◆ **Work instructions**
The lines to transcribe begin with the one containing "Don’t be mislead" and end with the last line below; reproduce them exactly, without the pictures.

◆ **Provided material**
-*-*-
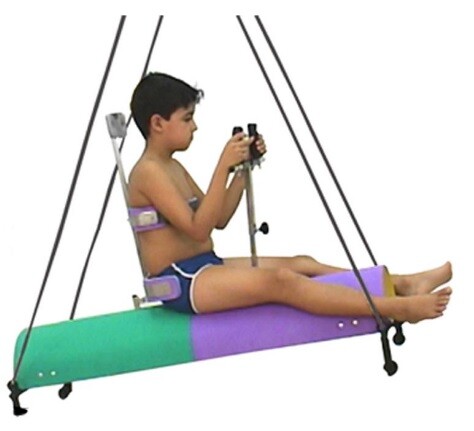 Constituído de uma chapa de aço curva, estruturado internamente por tubos de aço e forrado com eva de 3mm. Possuí 4 pés com ponteiras de borracha.Possuí uma haste de 80 cm de altura com estabilizador de cabeça, estabilizadores de quadril e tronco ajustáveis e guidão com ajustes de altura e inclinação.
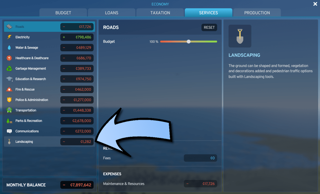 Don’t be mislead by this Landscaping section of the Services tab in the Economy menu – you can go wild with the landscaping tools and it won’t add to this expense; so far only pedestrian paths do.
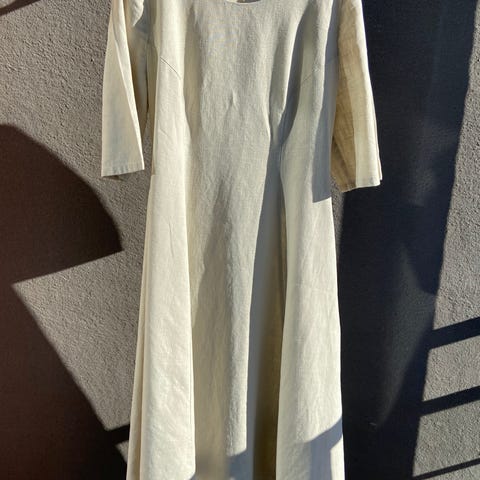 Tyylikäs Pura Finland pellavamekko. Koko M, mutta mielestäni L tai XL. Kainalo-kainalo 60 cm. Sivuissa halkiot. Sivutaskut. Postitus onnistuu.
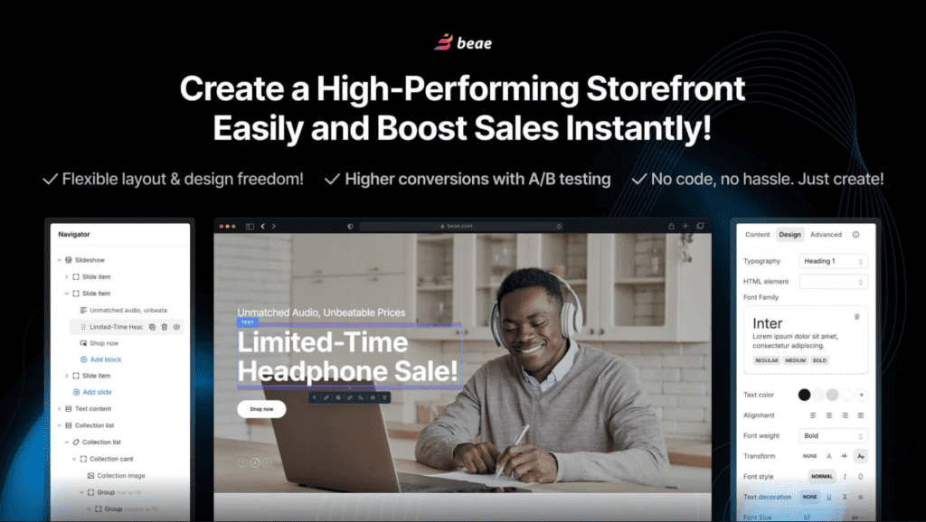 Beae proves that accessibility and quality aren’t mutually exclusive. Designed specifically for merchants without design background, it achieves a rare feat: an intuitive interface paired with production-ready results.
-*-*-
◆ **Final answer**
 Don’t be mislead by this Landscaping section of the Services tab in the Economy menu – you can go wild with the landscaping tools and it won’t add to this expense; so far only pedestrian paths do.
 Tyylikäs Pura Finland pellavamekko. Koko M, mutta mielestäni L tai XL. Kainalo-kainalo 60 cm. Sivuissa halkiot. Sivutaskut. Postitus onnistuu.
 Beae proves that accessibility and quality aren’t mutually exclusive. Designed specifically for merchants without design background, it achieves a rare feat: an intuitive interface paired with production-ready results.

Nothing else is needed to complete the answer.